Post by Michael Kerrisk
Is it really meant that POSIX is saying that all of the existing code
that follows the above pattern is broken, or is there perhaps some
other point in the standard that I am missing?

While I agree that code like the above is common, I'm doubtful that
it is ever used with fds 0 and 1 both closed. The usual situation
where a pipe is set up with fds 0 and 1 as its read and write ends
is to connect two processes so that one reads the output of the other.
The first process has the write end as fd 1; the second has the read
end as fd 0; there is no process that has the two ends of the pipe
on fd 0 and fd 1, so closing them before calling pipe() seems like a
very odd thing to do.
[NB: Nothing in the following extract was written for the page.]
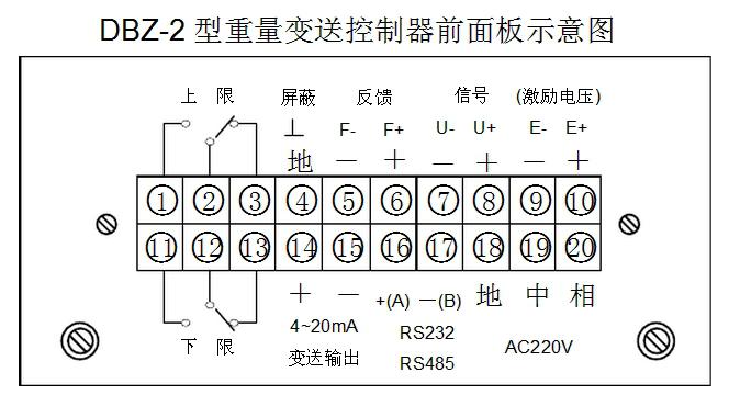 DBZ-2型稱重變送控制器后面板布置及接線圖 t3E廣州南創(chuàng)電子科技有限公司

Can you point to any real code that actually
does that?

I suppose if we do want to cater to applications that do it, then all
the standard would need to do is require that pipe() allocates pfd[0]
before it allocates pfd[1]. In a single-threaded process with no
signal handlers that manipulate file descriptors, this would
guarantee that closing fds 0 and 1 before calling pipe() puts 0 in
pfd[0] and 1 in pfd[1].

--
Geoff Clare <g.clare-7882/***@public.gmane.org>
The Open Group, Apex Plaza, Forbury Road, Reading, RG1 1AX, England

Eric Blake

2014-04-14 13:27:57 UTC

Post by Geoff Clare
I suppose if we do want to cater to applications that do it, then all
the standard would need to do is require that pipe() allocates pfd[0]
before it allocates pfd[1]. In a single-threaded process with no
signal handlers that manipulate file descriptors, this would
guarantee that closing fds 0 and 1 before calling pipe() puts 0 in
pfd[0] and 1 in pfd[1].

We already state in TC1 in quite clear terms that any attempt to start a
process with fd 0, 1, or 2 closed results in undefined behavior. I
think this is yet another case of that. No need to mandate the order
between pfd[0] and pfd[1], because any app closing fd 0 deserves what
they get with regards to undefined behavior.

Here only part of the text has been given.